OK. How many marketing specialists are willing to work for $18K a year to "fly a desk." Not many. No SJS in that field.
Your competition -- as a pilot -- is twenty-somethings willing to fly a jet for peanuts. There are people out there that pay to work -- an MBA's wet dream. Foreign carriers have proven that hiring low-timers ab initio works.
Pilot wages are artificially elevated because of collective bargaining. Without it we would all be making about half of what we do now -- probably a third in the case of FedEx/UPS.
I don't know about all of that, seems to be some fuzzy math involved, with large assumptions.
In the corporate industry the salaries are decent, in my opinion. I don’t know of any operators that are unionized. Take a look at the Scranton salary survey. But I’ll admit that it is a lot harder to break into that side of the industry.
In all fields there are people who do the job for more than the pay. In aviation we have hours.

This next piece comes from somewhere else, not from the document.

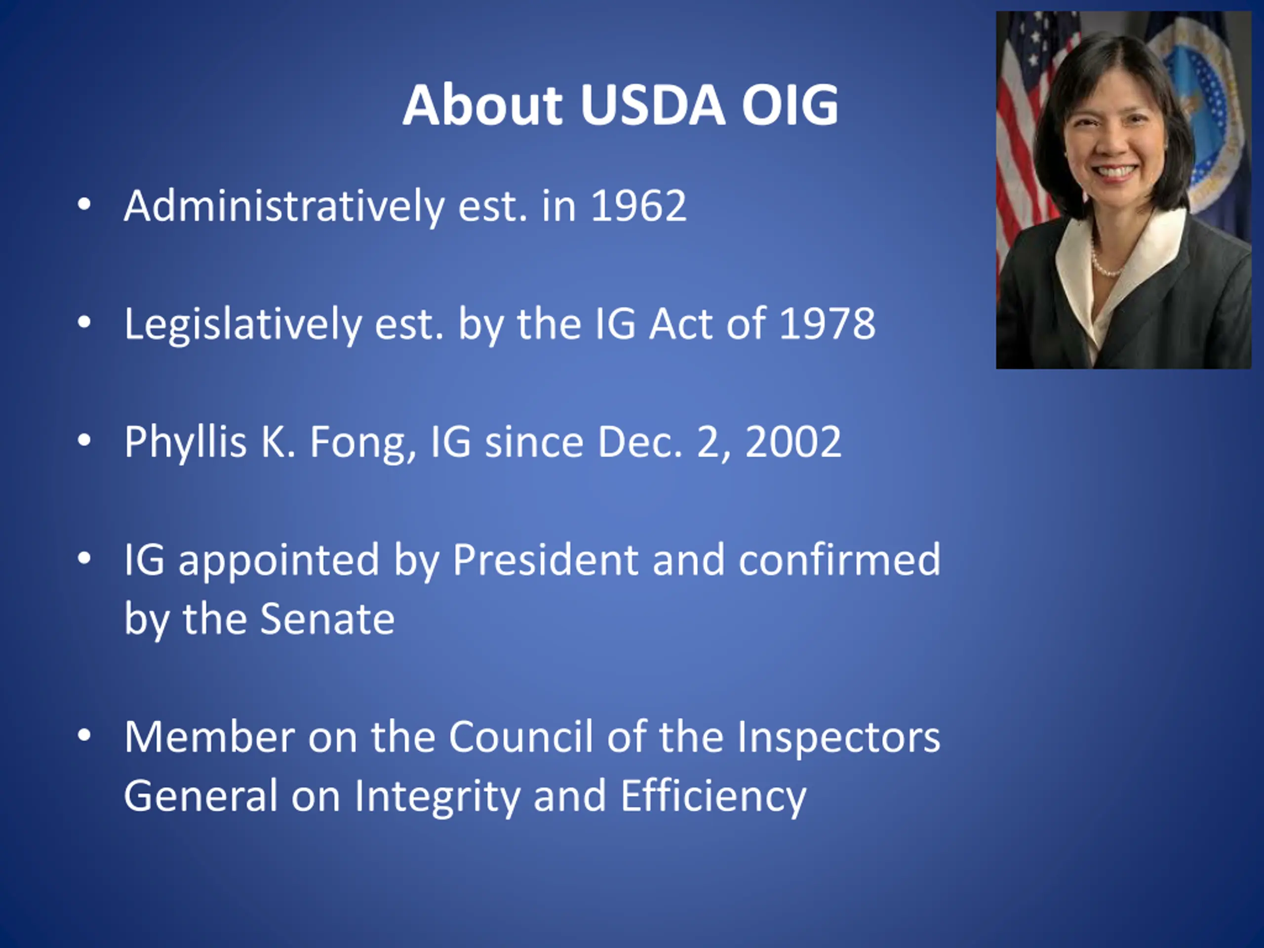 About USDA OIG Administratively est. in 1962 Legislatively est. by the IG Act of 1978 Phyllis K. Fong, IG since Dec. 2, 2002 IG appointed by President and confirmed by the Senate Member on the Council of the Inspectors General on Integrity and Efficiency

In most other fields you have years of “relevant work experience”. If you have no real worried experience you must settle for a lower paying job, or perhaps an unpaid internship. $20,000 isn't an ucommon starting point for a new college grad.
You can’t get an internship with a regional carrier flying 121 for the summer. So the gulfstream program is the closest substitute.
Artificial anything in our economy can only end up hurting the industry. Let supply and demand work it out. What is good for the industry is good for the all the workers. If my airline is profitable, there is a greater chance that I will stay employed, which is a very good start in this industry.
The great money trick is an amazing and eye opening story.
The bottom line is, if you want to be rich, you need to OWN the business, not work for it.